DATA EXCERPTS below:

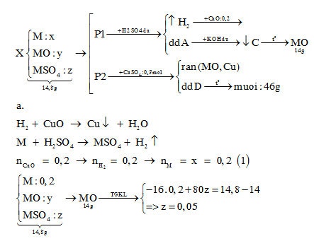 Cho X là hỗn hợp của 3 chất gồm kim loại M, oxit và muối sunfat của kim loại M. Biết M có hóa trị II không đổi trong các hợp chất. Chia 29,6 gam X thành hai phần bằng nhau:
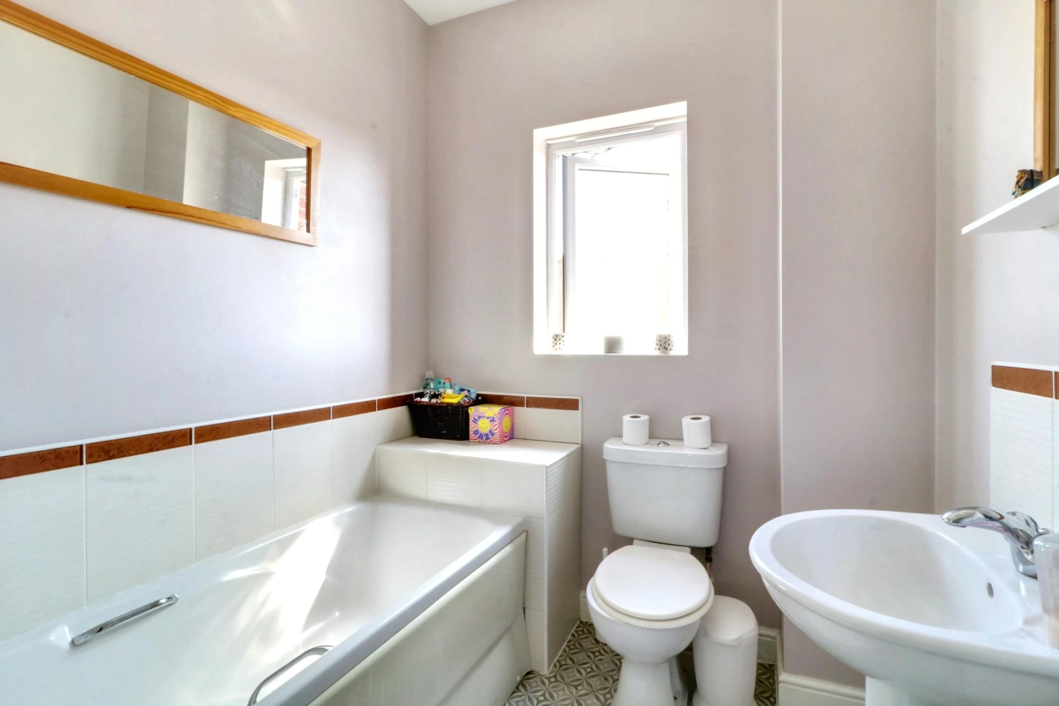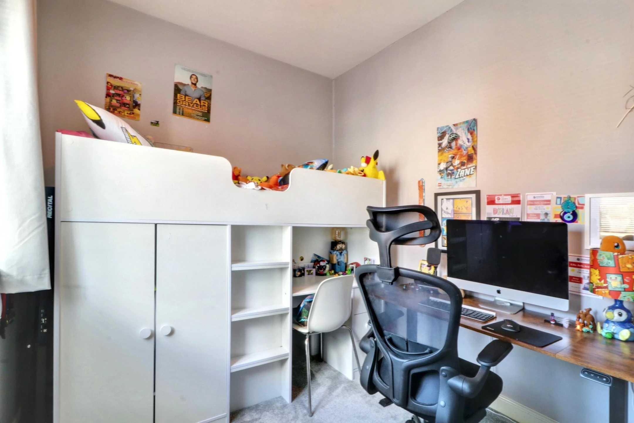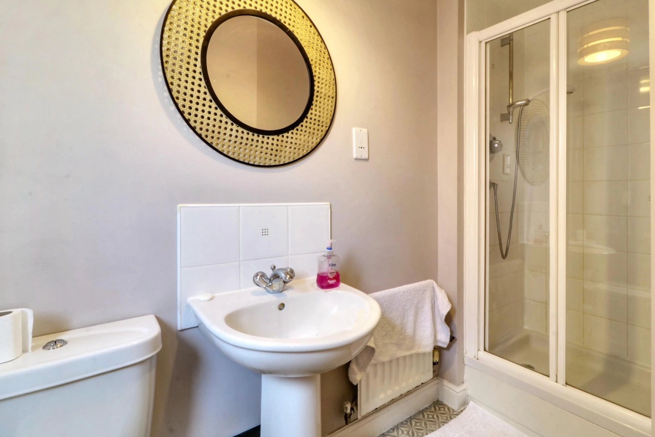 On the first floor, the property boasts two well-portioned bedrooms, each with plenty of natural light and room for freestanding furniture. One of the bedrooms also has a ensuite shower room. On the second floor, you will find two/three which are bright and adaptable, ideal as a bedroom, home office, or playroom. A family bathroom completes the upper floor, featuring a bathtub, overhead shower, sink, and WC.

End of DATA EXCERPTS.
DATA EXCERPTS below:

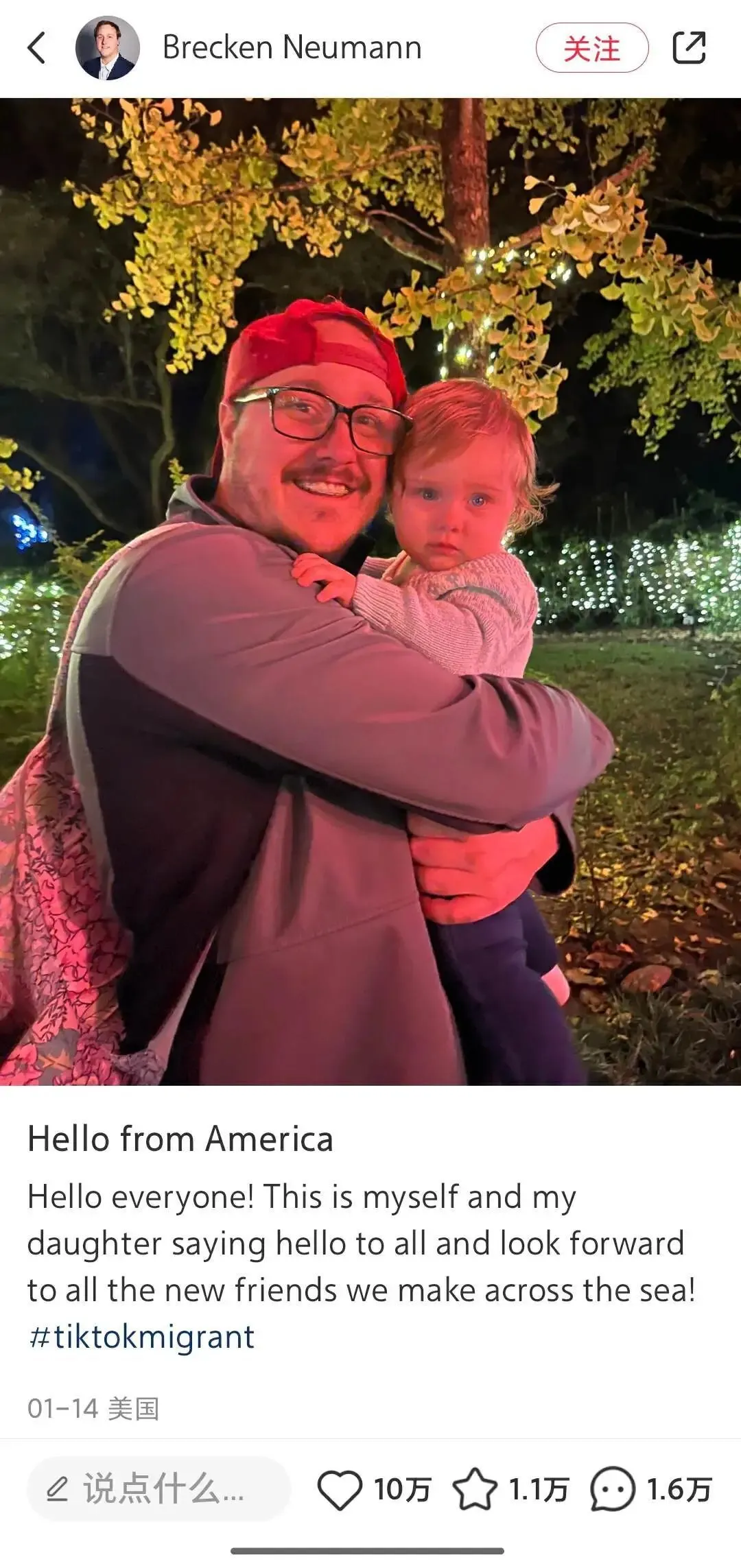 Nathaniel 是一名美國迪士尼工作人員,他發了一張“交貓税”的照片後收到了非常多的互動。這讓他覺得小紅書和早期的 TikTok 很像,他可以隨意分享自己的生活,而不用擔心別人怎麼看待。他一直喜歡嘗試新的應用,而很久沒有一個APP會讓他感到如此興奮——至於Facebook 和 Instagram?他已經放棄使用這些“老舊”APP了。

End of DATA EXCERPTS.

From the records above, write out exactly the lines that begin at the line with "Cho X là hỗn" and end at the line with "On the first". Pictures must not appear in the output.

 Cho X là hỗn hợp của 3 chất gồm kim loại M, oxit và muối sunfat của kim loại M. Biết M có hóa trị II không đổi trong các hợp chất. Chia 29,6 gam X thành hai phần bằng nhau:
 On the first floor, the property boasts two well-portioned bedrooms, each with plenty of natural light and room for freestanding furniture. One of the bedrooms also has a ensuite shower room. On the second floor, you will find two/three which are bright and adaptable, ideal as a bedroom, home office, or playroom. A family bathroom completes the upper floor, featuring a bathtub, overhead shower, sink, and WC.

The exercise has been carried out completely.